What the exercise asks — The whole listing is to be restated word for word with no images.

Provided data —
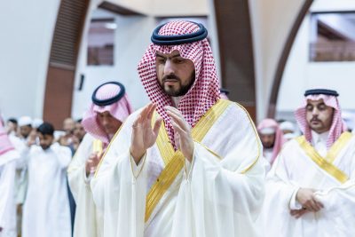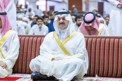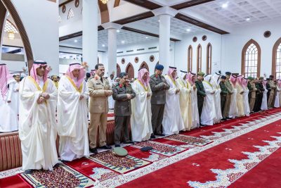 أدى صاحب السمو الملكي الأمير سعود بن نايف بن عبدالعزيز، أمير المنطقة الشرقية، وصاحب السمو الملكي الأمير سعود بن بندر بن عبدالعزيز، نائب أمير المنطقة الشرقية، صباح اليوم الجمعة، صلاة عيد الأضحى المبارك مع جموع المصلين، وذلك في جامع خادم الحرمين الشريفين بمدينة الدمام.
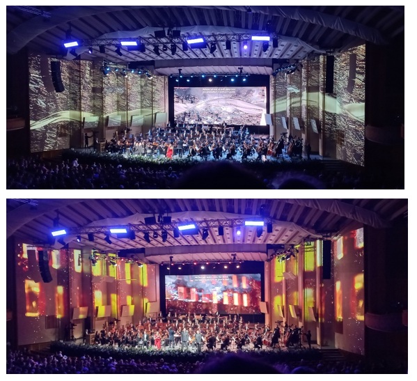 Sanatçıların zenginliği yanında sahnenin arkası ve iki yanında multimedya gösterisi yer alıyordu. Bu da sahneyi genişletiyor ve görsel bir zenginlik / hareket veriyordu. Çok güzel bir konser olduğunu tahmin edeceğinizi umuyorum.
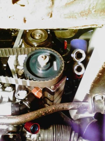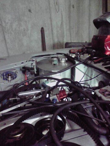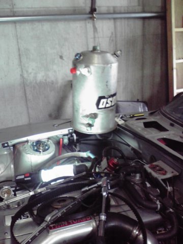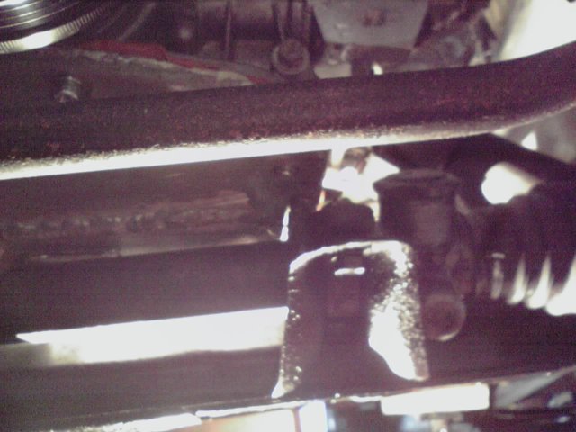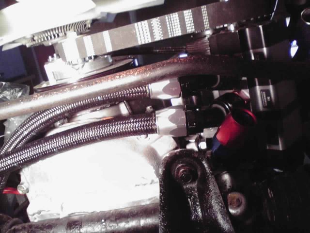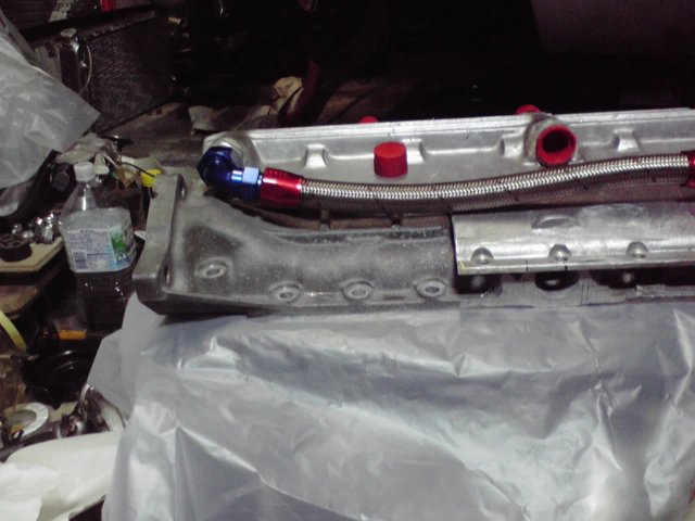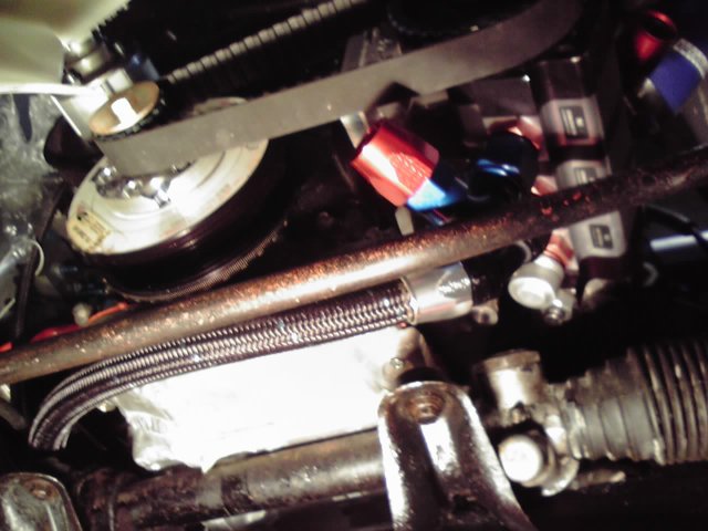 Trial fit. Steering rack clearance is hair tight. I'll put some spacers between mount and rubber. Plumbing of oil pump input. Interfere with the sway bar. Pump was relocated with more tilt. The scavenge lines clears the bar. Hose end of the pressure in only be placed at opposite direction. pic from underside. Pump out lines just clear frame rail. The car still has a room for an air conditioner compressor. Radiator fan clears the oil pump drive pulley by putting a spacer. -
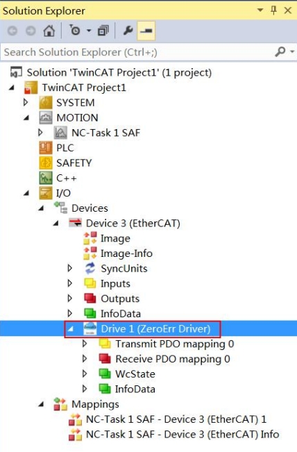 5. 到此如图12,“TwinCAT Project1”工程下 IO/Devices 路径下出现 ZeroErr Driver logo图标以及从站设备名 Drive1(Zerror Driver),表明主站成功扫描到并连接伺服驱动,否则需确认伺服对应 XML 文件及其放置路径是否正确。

Result —
 أدى صاحب السمو الملكي الأمير سعود بن نايف بن عبدالعزيز، أمير المنطقة الشرقية، وصاحب السمو الملكي الأمير سعود بن بندر بن عبدالعزيز، نائب أمير المنطقة الشرقية، صباح اليوم الجمعة، صلاة عيد الأضحى المبارك مع جموع المصلين، وذلك في جامع خادم الحرمين الشريفين بمدينة الدمام.
 Sanatçıların zenginliği yanında sahnenin arkası ve iki yanında multimedya gösterisi yer alıyordu. Bu da sahneyi genişletiyor ve görsel bir zenginlik / hareket veriyordu. Çok güzel bir konser olduğunu tahmin edeceğinizi umuyorum.
 Trial fit. Steering rack clearance is hair tight. I'll put some spacers between mount and rubber. Plumbing of oil pump input. Interfere with the sway bar. Pump was relocated with more tilt. The scavenge lines clears the bar. Hose end of the pressure in only be placed at opposite direction. pic from underside. Pump out lines just clear frame rail. The car still has a room for an air conditioner compressor. Radiator fan clears the oil pump drive pulley by putting a spacer. -
 5. 到此如图12,“TwinCAT Project1”工程下 IO/Devices 路径下出现 ZeroErr Driver logo图标以及从站设备名 Drive1(Zerror Driver),表明主站成功扫描到并连接伺服驱动,否则需确认伺服对应 XML 文件及其放置路径是否正确。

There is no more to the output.